Someone in the CIA is looking for funding... Just my 2¢. -Al -----Original Message----- From: Steve Goldstein [mailto:sgoldste@nsf.gov] Sent: Thursday, April 25, 2002 5:40 AM To: nanog@merit.edu Subject: CIA Warns of Chinese Plans for Cyber-Attacks on U.S. I have no idea how real the implied threat may be. Just passing this along. --SG ---------------------------------------------------------------------------- ------------------------------------------------------ Defense: Analysts fear government and private efforts to sabotage federal Internet sites. By ERIC LICHTBLAU Times Staff Writer April 25 2002 WASHINGTON -- U.S. intelligence officials believe the Chinese military is working to launch wide-scale cyber-attacks on American and Taiwanese computer networks, including Internet-linked military systems considered vulnerable to sabotage, according to a classified CIA report. The complete article can be viewed at: http://www.latimes.com/la-042502china.story
Gosh, oh golly-gee, do you really think that they would do something like that (planting a story)? ;-) --Steve At 7:16 AM -0700 4/25/02, Rowland, Alan D wrote:
Someone in the CIA is looking for funding...
Just my 2¢.
-Al
--
Is it really hard to believe that the Chinese government would actively fund cyberterrorism? Deepak Jain AiNET -----Original Message----- From: owner-nanog@merit.edu [mailto:owner-nanog@merit.edu]On Behalf Of Steve Goldstein Sent: Thursday, April 25, 2002 5:55 PM To: Rowland, Alan D Cc: nanog@merit.edu Subject: RE: CIA Warns of Chinese Plans for Cyber-Attacks on U.S. Gosh, oh golly-gee, do you really think that they would do something like that (planting a story)? ;-) --Steve At 7:16 AM -0700 4/25/02, Rowland, Alan D wrote:
Someone in the CIA is looking for funding...
Just my 2¢.
-Al
--
Once upon a time, Deepak Jain <deepak@ai.net> said:
Is it really hard to believe that the Chinese government would actively fund cyberterrorism?

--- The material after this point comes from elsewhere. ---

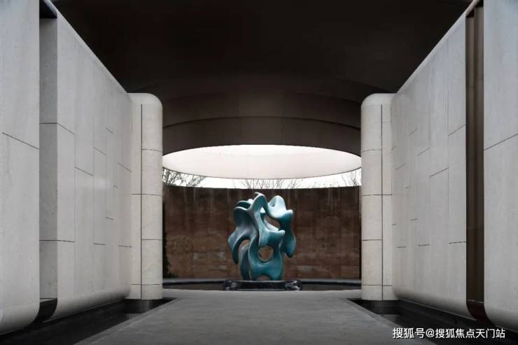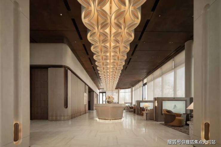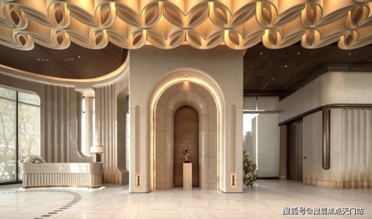 项目归家门庭采用石材, 叠加铝板元素,构建出极具质感的空间和松弛氛围,令张江的归家仪式感焕然一新。

Why not? Our government does, although they don't call it that: they call it Microsoft. :-) -- Chris Adams <cmadams@hiwaay.net> Systems and Network Administrator - HiWAAY Internet Services I don't speak for anybody but myself - that's enough trouble.
On Thu, Apr 25, 2002 at 06:01:50PM -0400, deepak@ai.net said:
Is it really hard to believe that the Chinese government would actively fund cyberterrorism?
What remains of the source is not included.